The Kyoto Protocol is part of the United Nations Framework Convention on Climate Change (UNFCCC) which is aimed at fighting global warming.
The UNFCCC is e international environmental treaty with the goal of achieving the “stabilization of greenhouse gas concentrations in the atmosphere at a level that would prevent dangerous anthropogenic interference with the climate system.”
The Kyoto Protocol was first agreed on 11 December 1997 in Kyoto, Japan, and it became a formal part of the treaty on 16 February 2005. Currently, 191 members of the United Nations have signed and ratified the Kyoto Protocol.
Under the Protocol, 37 of the major industrialised nations have agreed to reducing four main greenhouse gases by 5.2% from the 1990 levels. They have committed to reducing:
- carbon dioxide
- methane
- nitrous oxide
- sulphur hexafluoride
They will also reduce two further groups of gases (hydrofluorocarbons and perfluorocarbons) that are produced by the 4 main gases. 
These emission limits do not include emissions by international aviation and shipping, but are in addition to the industrial gases, chlorofluorocarbons, or CFCs, which are dealt with under the 1987 Montreal Protocol on Substances that Deplete the Ozone Layer.
The Kyoto Protocol does allow for several “flexible mechanisms”, such as emissions trading, the clean development mechanism (CDM) and joint implementation.

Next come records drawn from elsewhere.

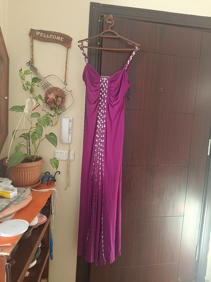 Bu mor drapeli uzun elbise, parlak tie-dye deseni, V yakası ve askılı kollarıyla bohem tarzda, düğünler için uygun bir modeldir. pazarlık payı vardır sadece bir kere giyildi
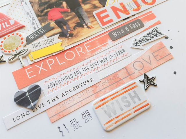 I added a couple of embellishment clusters around the page including the one above with part of the layered, the Wild puffy sticker and the star and flower chipboard stickers. I love to cluster embellishments and I especially love to overlap embellishments onto my photo.
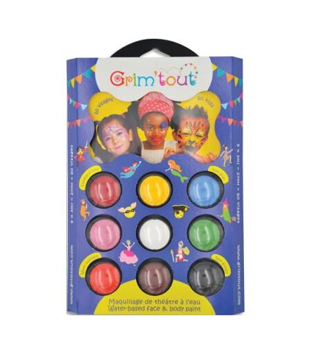Set de 9 Galets de maquillage à l'eau Grim Tout + pinceau + livret de maquillage - nettoyage eau et savon
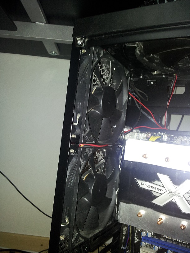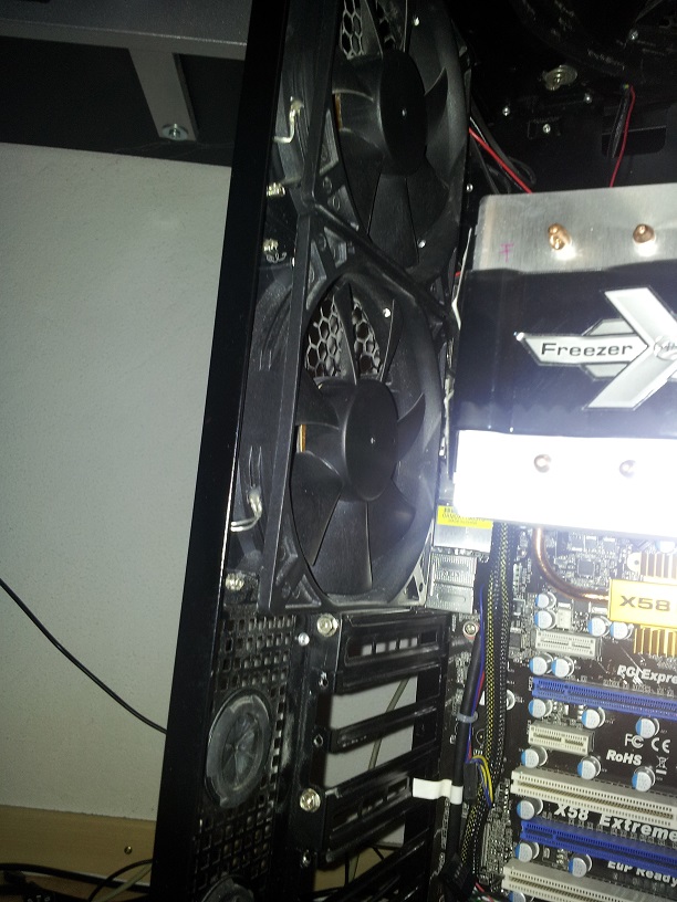 Ich lade noch ein paar Fotos hoch von den beiden aktuelle Lüftern hinten, denn dort bin ich mir nicht sicher ob der Platz für einen Radiator reicht. (GraKa Blockierung)
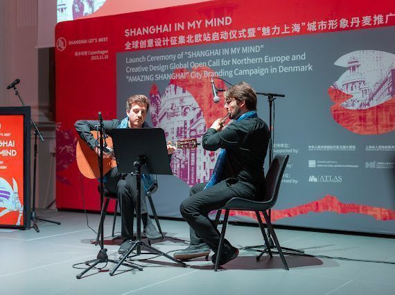 走进二楼大厅,红色灯饰妆点了会场。在中阮、长笛、古典吉他声中拉开了活动的序幕。主持活动的是一位丹麦年轻小伙子Toby Rasmussen。首先由哥本哈根文化中心郑文主任致欢迎辞,儒雅的郑主任充满感情地说道:“上海,这座位于东方的现代大都市,自诞生以来就一直扮演着中国文化和国际文明的交汇点。在这里,东西方的文化元素不是简单地共存,而是相互融合、相互渗透,形成了一种别具魅力的独特风貌。”他欢迎大家来到文化中心,感受上海的魅力。
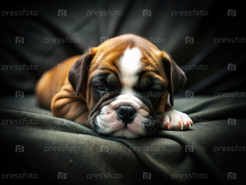 Новорожденный боксерский щенк удобно расположен на мягкой ткани в уютной поместной обстановке
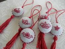 今年はシザーキーパーを・・・可愛らしい王冠シリーズのクロスステッチのパターンを利用して茶色の生地に赤の糸でまとめてみました。
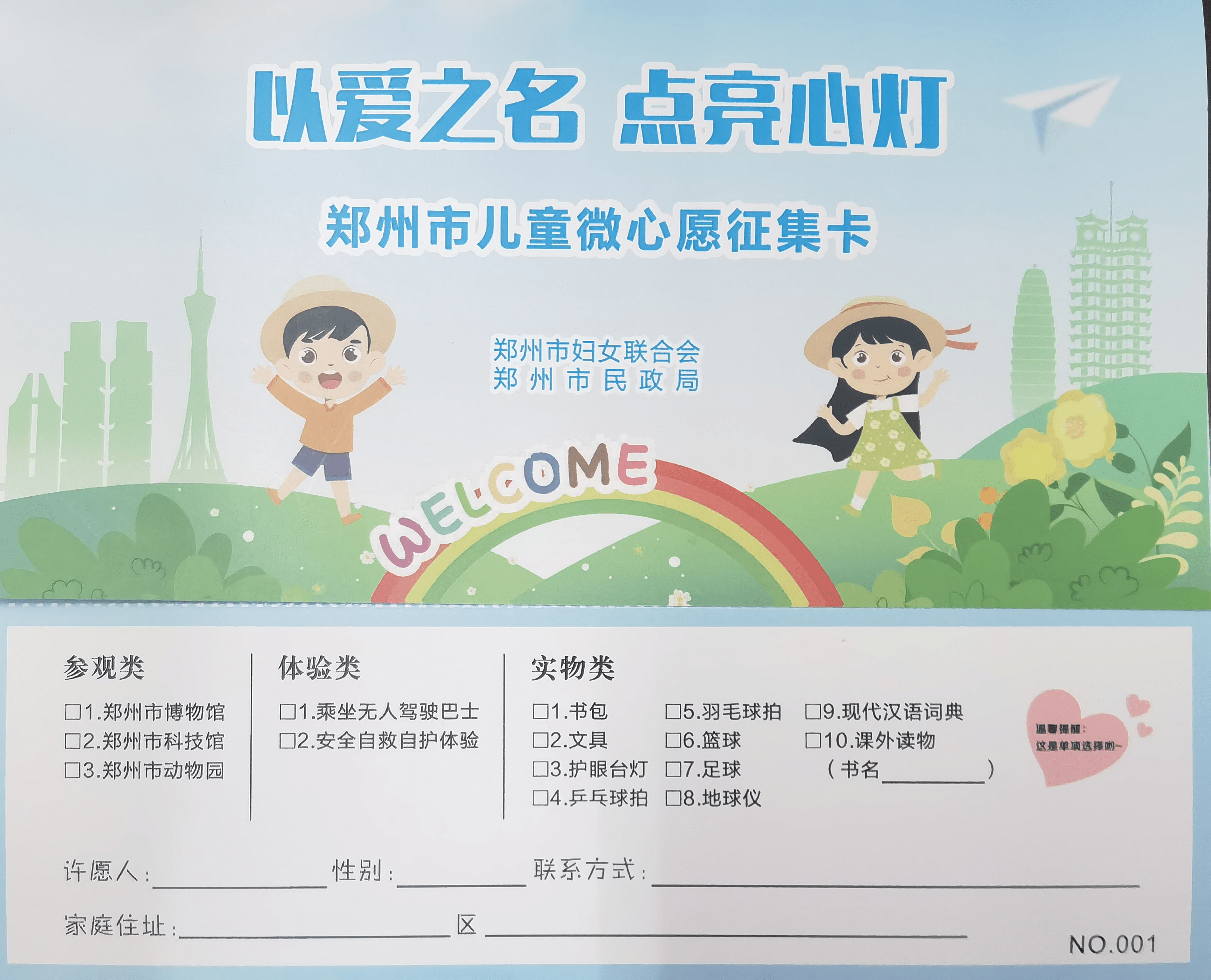 这是一次爱心善行,这是一次圆梦之旅。在“六一”国际儿童节即将来临之际,为提升全市事实无人抚养儿童的幸福感和获得感,郑州市妇联、市民政局联合启动“以爱之名 点亮心灯”儿童微心愿圆梦活动。
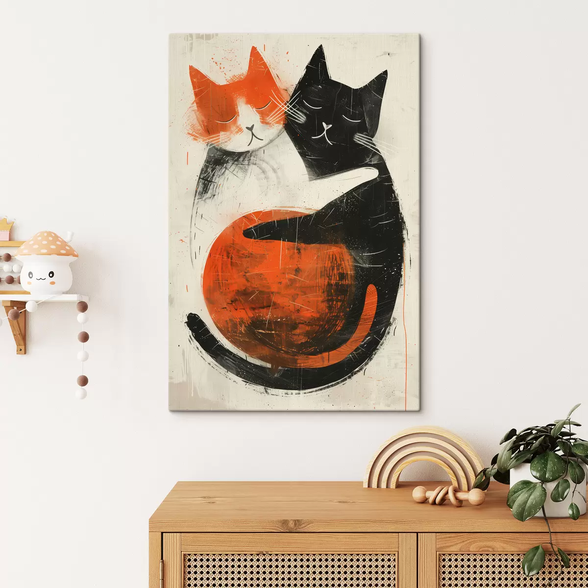 Schilderij Minimalistische inktillustratie van twee schattige katten Art. s39725
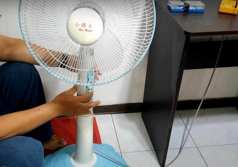 接上电源,按下开关键,风扇已经开始转动了,并且运转正常,修理完毕。
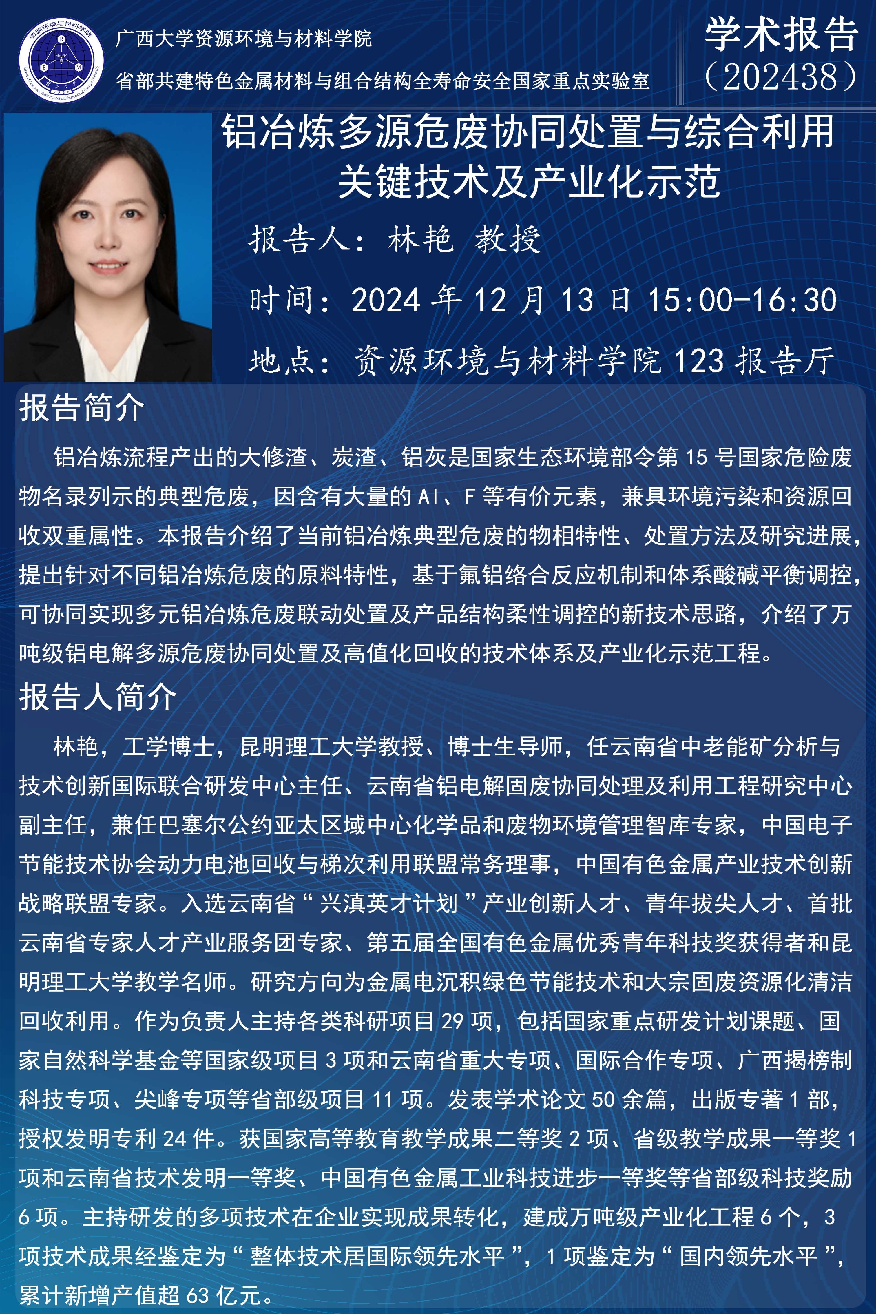 资源环境与材料学院学术报告:铝冶炼多源危废协同处置与综合利用关键技术及产业化示范

A joint implementation will allow a country to offset some of its reduction targets by investing in a greenhouse gas reduction project in another country. For example, a joint implementation project might involve replacing a coal-fired power station with a combined heat and power system,
Under the Kyoto Protocol each of the 37 countries must provide an annual report of inventories of all human produced greenhouse gas emissions. They must also identify a national authority which is responsible for maintaining these inventories.
It is significant that some of the largest producers of greenhouse gases have not ratified the Kyoto Protocol the most notable being the USA and China.

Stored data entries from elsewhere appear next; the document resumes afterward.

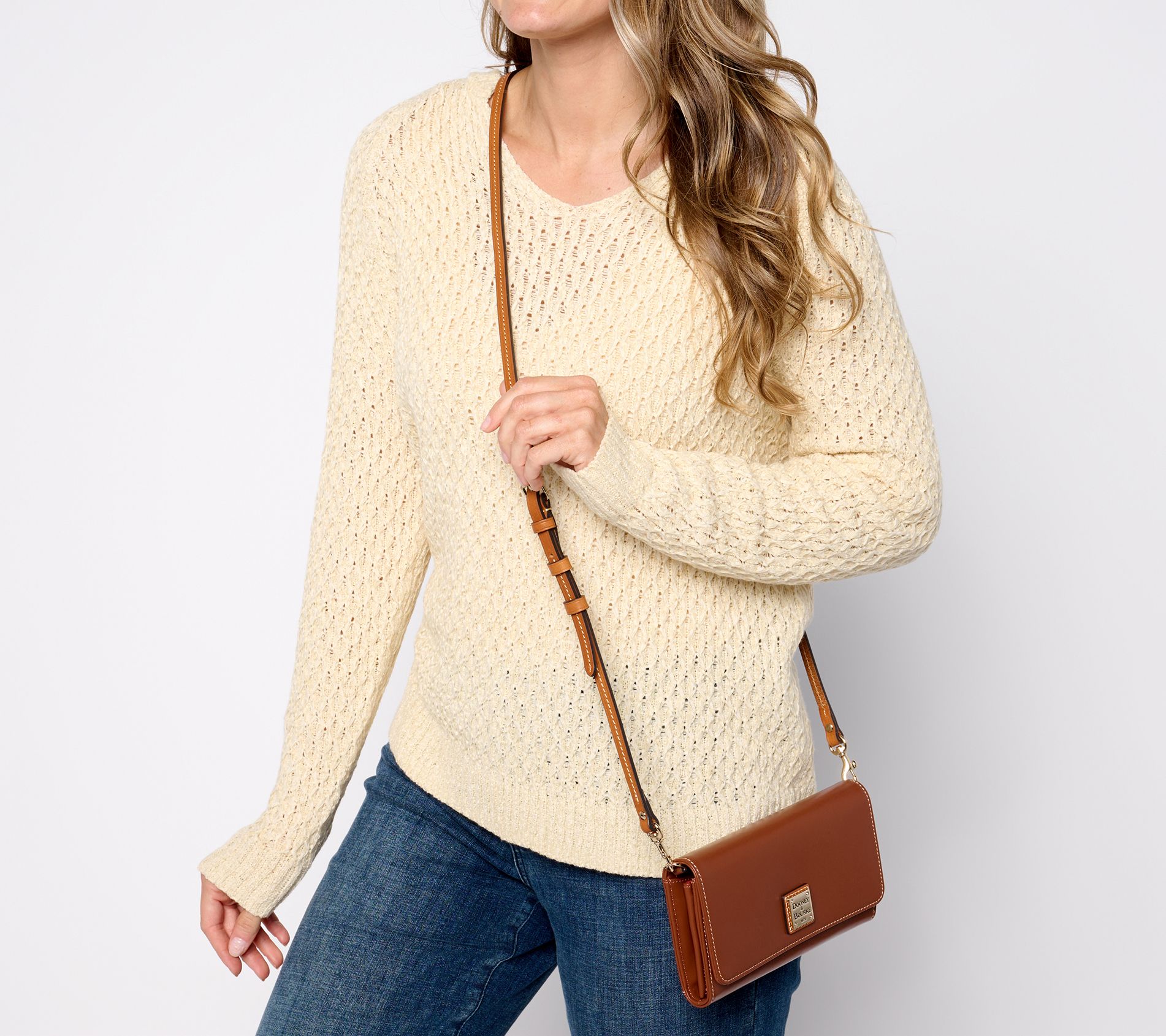 Errands around town or weekend plans call for something as flexible as your schedule, and this compact Wexford leather crossbody answers with everyday style and smart organization. Keep your essentials stored neatly in separate pockets, with plenty of room for cards and a secure zip compartment for change or receipts. Hands-free ease lets you focus on what matters most. From Dooney & Bourke.
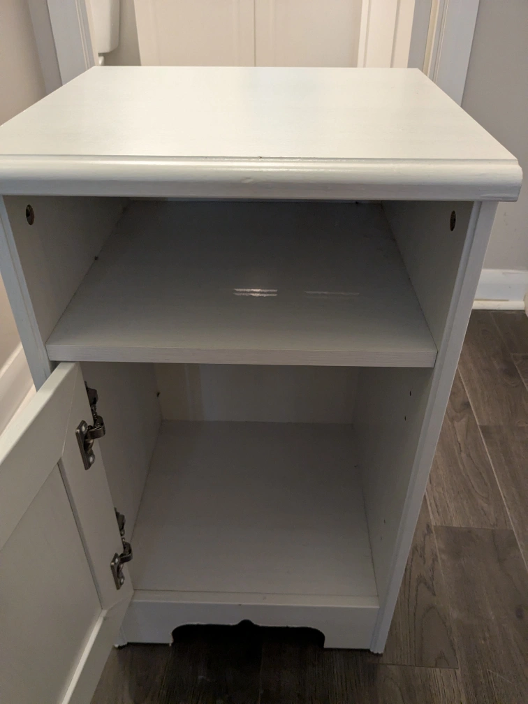 Small, painted white nightstand. One shelf inside and a small cabinet door. Simple design, good for bedroom or small space. Minor wear. Pick-up please.
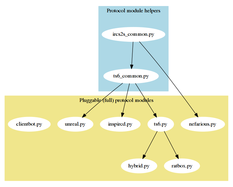 PyLink is an a modular, plugin-based IRC services framework. It uses swappable protocol modules and a hooks system for calling plugins, allowing them to function regardless of the IRCd used.

So, in February 2007 the heads of government from major greenhouse gas producers, including the USA, China and India, agreed a non-binding successor to the Kyoto Protocol known as the Washington Declaration. This declaration outlined a global cap-and-trade system that would include both industrialised and developing nations.
This declaration was extended at the 2007 meeting of the G8 nations. Here it was agreed that the G8 nations would “aim to at least halve global CO2 emissions by 2050″ and the details would be agreed under the United Nations Framework Convention on Climate Change.
Whilst the Kyoto Protocol has not led to the hoped for reductions in greenhouse gases it has formed the basis for ongoing discussions on such reductions.